* [Exercise brief] Write out the listing from the line with "IN HOME Лампа" to the line with "The McAllisters/McCallisters family, who", both lines included, exactly and nothing beyond. Leave pictures out.
'''
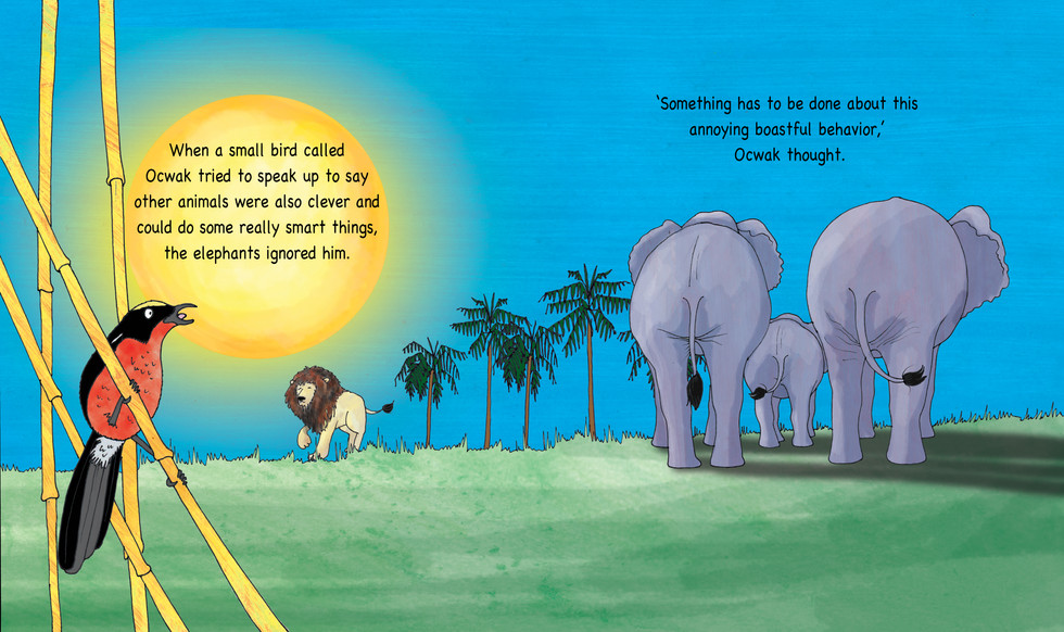'A very long time ago, ELEPHANTS always BOASTED to the other animals about being the BEST at everything. A small BIRD called OCWAK knew this was not TRUE and decided to do something about the Elephant’s BOASTFUL BEVAHIOUR.'
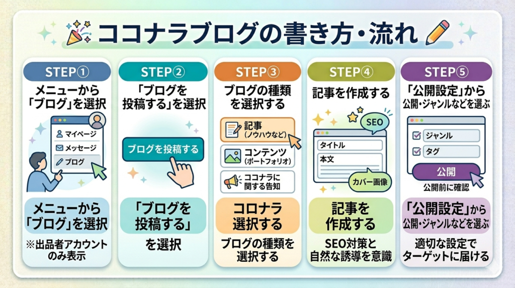 この記事では、ココナラブログのメリットや注意点から、具体的な書き方・実践ポイントまでを初心者にもわかりやすく解説していきます。
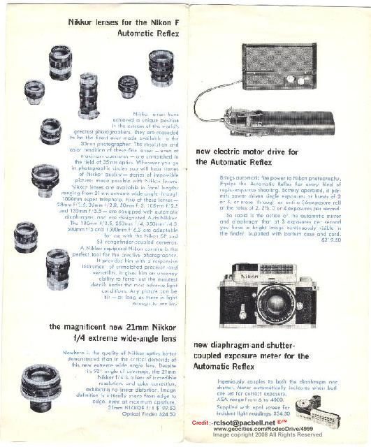 Fixed Focal length Finders | Variframe / Varifocal / Sports Finders | Reflex Housing | Motor Drive | Close-ups | Nikon RF Flash System
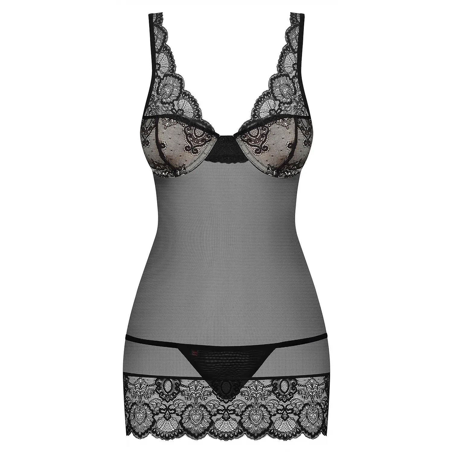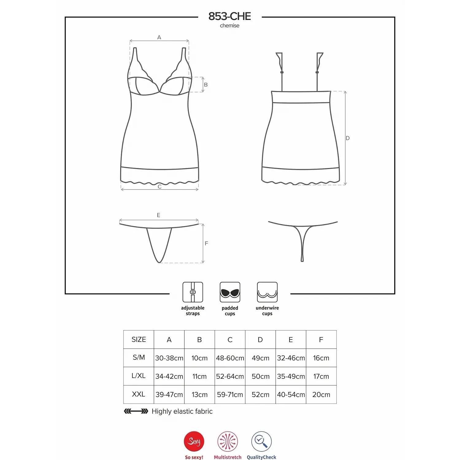 Chemise Obsessive 853-CHE închis la culoare este un obiect de lenjerie uimitoare și inimaginabil de răpitoare, gândită și realizată de prestigiosul brand de lenjerie Obsessive din Polonia.
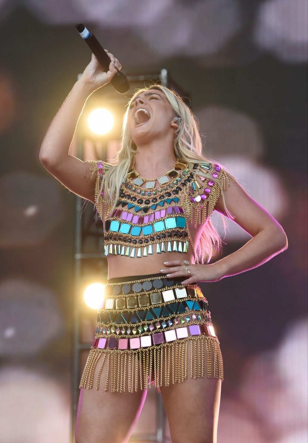 English singer and The Fappening Star Louisa Johnson looked sexy in her Bejeweled outfit while performing live at Manchester Pride, 08/24/2019.
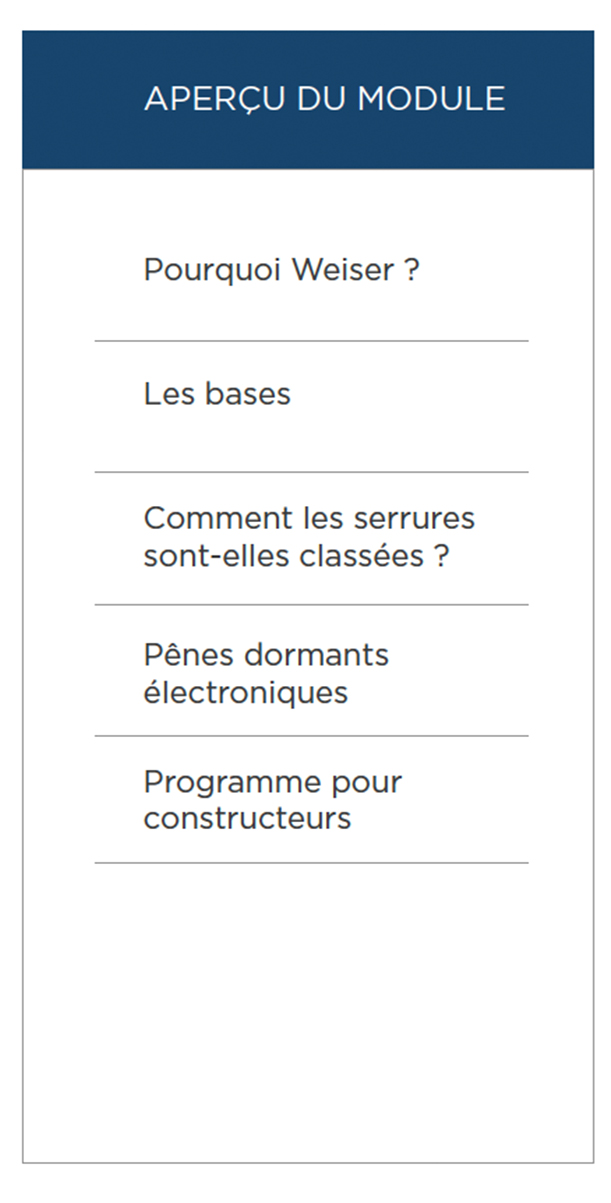 Tout commence par trois mots : sécurité, technologie, commodité. Suivez ce cours qui constitue une introduction complète aux philosophies fondamentales qui sous-tendent la marque Weiser. Avec plus de 115 ans d’expérience sur le marché canadien et reconnue comme la première marque de serrures au Canada, nous sommes le meilleur choix en matière de sécurité… et vous avez maintenant l’occasion de découvrir pourquoi.
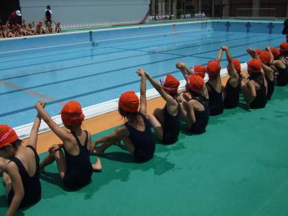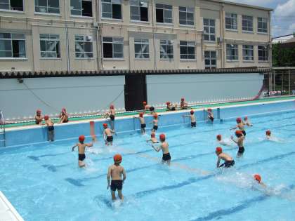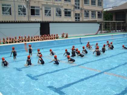 今日は1年生が初めて学校のプールに入る日です。友達と二人組み(バディ)を作ってお互いを確認しあったり,アドバイスをしあったりして学習を進めていきます。今日は低水位での水なれなので,簡単な運動で楽しみました。
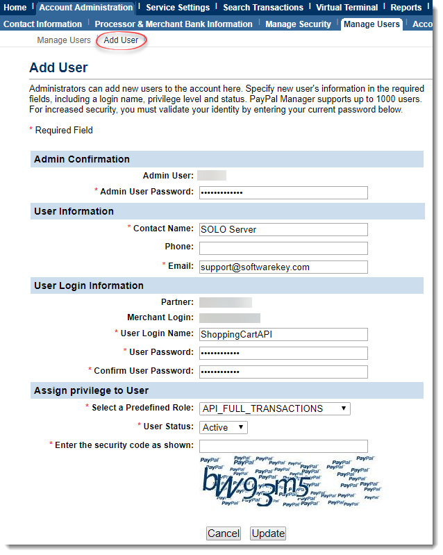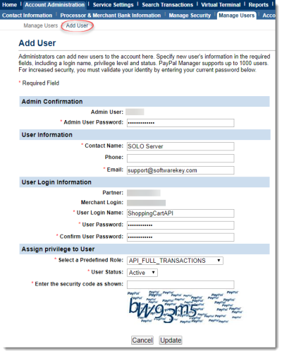 For a PayPal Payments Pro (PayFlow Edition) account, you will need to provide new user credentials so we may submit transactions to your PayPal Pro account. To create the new user for use with the shopping cart, please follow the steps below:
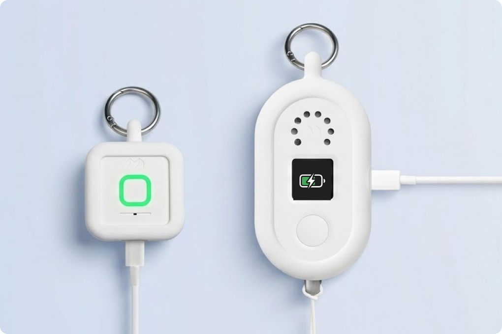付属のカラビナを使用してランドセルやカバンなどに直接装着することができます。防犯ブザー機能付きの「みてねみまもりGPSトークPlus」では、いざというときにすぐストラップを引っ張って防犯ブザーを鳴らすことができます。
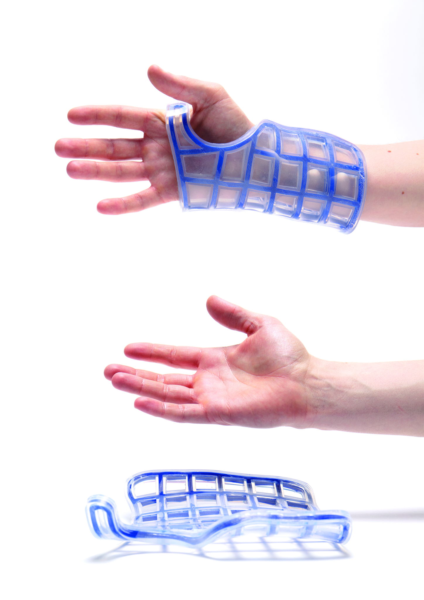 Arm cast made from re:flex that can be easily applied, removed and reused.
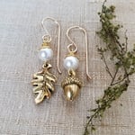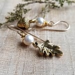 Autumn Treasure - Pearl Acorn and Oak Leaf Earrings (Gold)
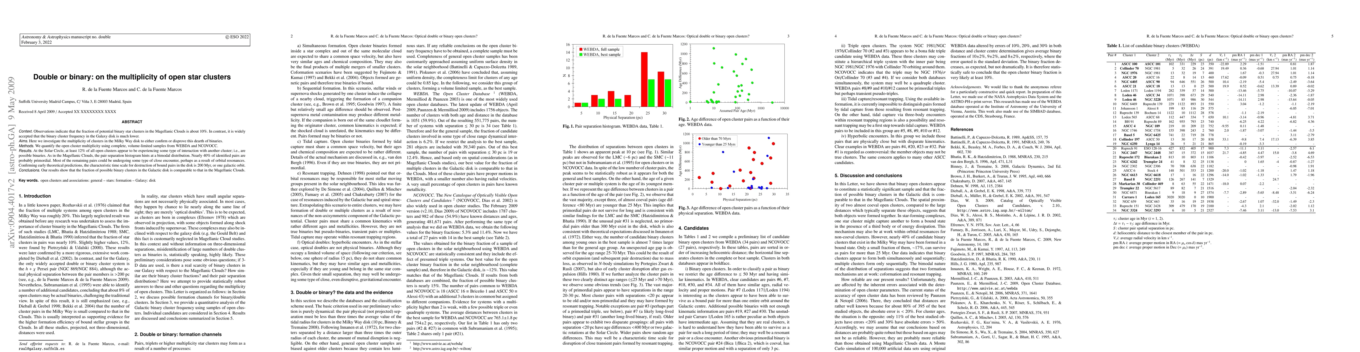 Open star clusters in the Milky Way disk may have a higher binary cluster frequency than previously thought, with at least 12% of clusters potentially being interacting pairs.
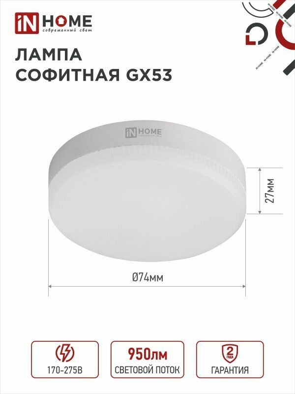 IN HOME Лампа светодиодная LED-GX53-VC 4PACK 10Вт 230В 6500К 950Лм (4шт./упак.) (арт. 4690612052953) 1шт.
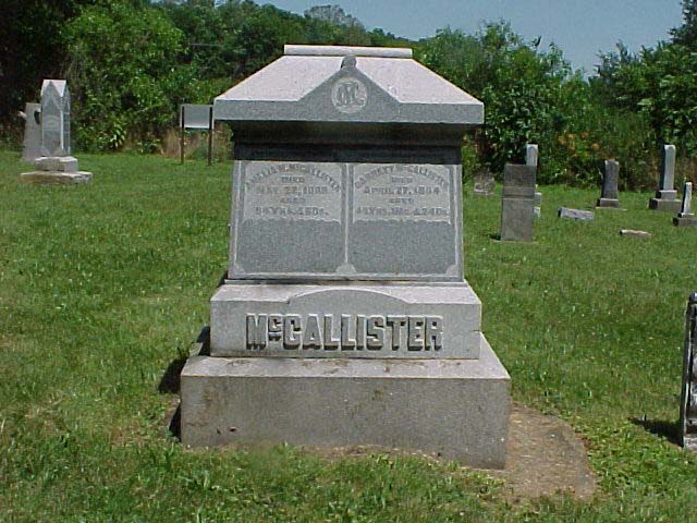 The McAllisters/McCallisters family, who gave their name to this cemetery, came from Virginia and initially settled on the south bank of Lick Creek in the spring of 1829. They were some of the first pioneers to homestead the untouched timber of Adams Township. Other family members followed, and together they helped civilize the broader community of Madison County. Foremost among the clan was Thomas McCallister, 1794-1852. He was elected in 1842 as a representative to the Indiana State Legislature; he served for eleven years. He was then voted to the state senate but died before he could take office. Others of the family held positions as sheriff, judge, justice of the peace, and county commissioner. It is also noteworthy that the McAllisters were numerous and included many single females who arrived in this area, married, established homes, and nurtured generations of descendants. (As an example, see Susan McAllister Brown, on the Hardy-Culp page.)
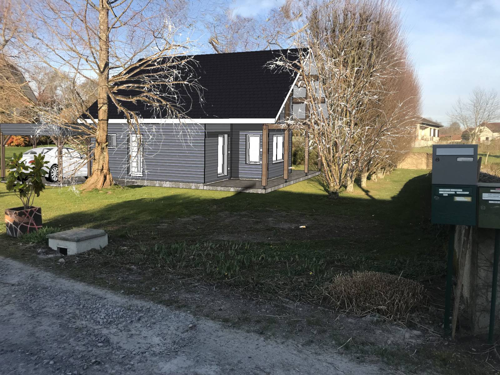 L’habitation se distingue par ses volumes simples et équilibrés, couverte d’une toiture à deux pans en tuiles noires, tandis que l’abri voiture en bois accolé dispose d’un toit plat végétalisé, alliant esthétique et performance environnementale.
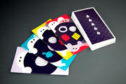 To start the game, each player has a hand of five items: a red plastic cube, a blue wooden key, and so on. Each round, someone flips the top card of the deck, then players race to drop only the correct items from their hand. If you drop something you shouldn't, you're out for the round. If you're the first player who drops everything correctly, congratulations! You're rewarded with a tiny bell...that is placed in your hand and cannot be dropped in the future.
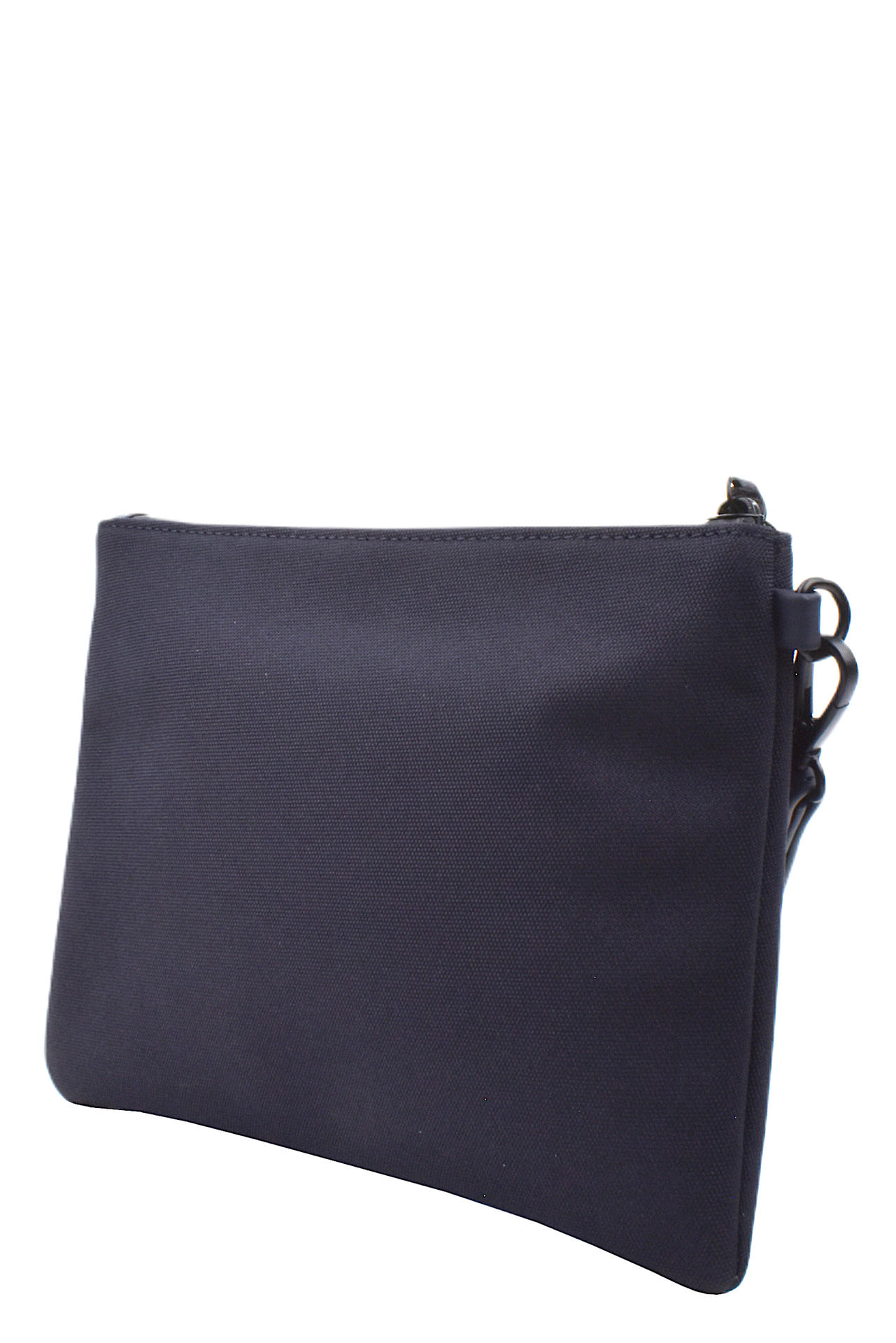 POCHETTE IN TESSUTO CON ZIP DI CHIUSURA. INTERNO FODERATO, CON TASCHINA E FESSURE PER TESSERE. MANICOTTO IN SIMIL PELLE ESTERNO. MISURE 22,5X16
'''
* [Task output]
 IN HOME Лампа светодиодная LED-GX53-VC 4PACK 10Вт 230В 6500К 950Лм (4шт./упак.) (арт. 4690612052953) 1шт.
 The McAllisters/McCallisters family, who gave their name to this cemetery, came from Virginia and initially settled on the south bank of Lick Creek in the spring of 1829. They were some of the first pioneers to homestead the untouched timber of Adams Township. Other family members followed, and together they helped civilize the broader community of Madison County. Foremost among the clan was Thomas McCallister, 1794-1852. He was elected in 1842 as a representative to the Indiana State Legislature; he served for eleven years. He was then voted to the state senate but died before he could take office. Others of the family held positions as sheriff, judge, justice of the peace, and county commissioner. It is also noteworthy that the McAllisters were numerous and included many single females who arrived in this area, married, established homes, and nurtured generations of descendants. (As an example, see Susan McAllister Brown, on the Hardy-Culp page.)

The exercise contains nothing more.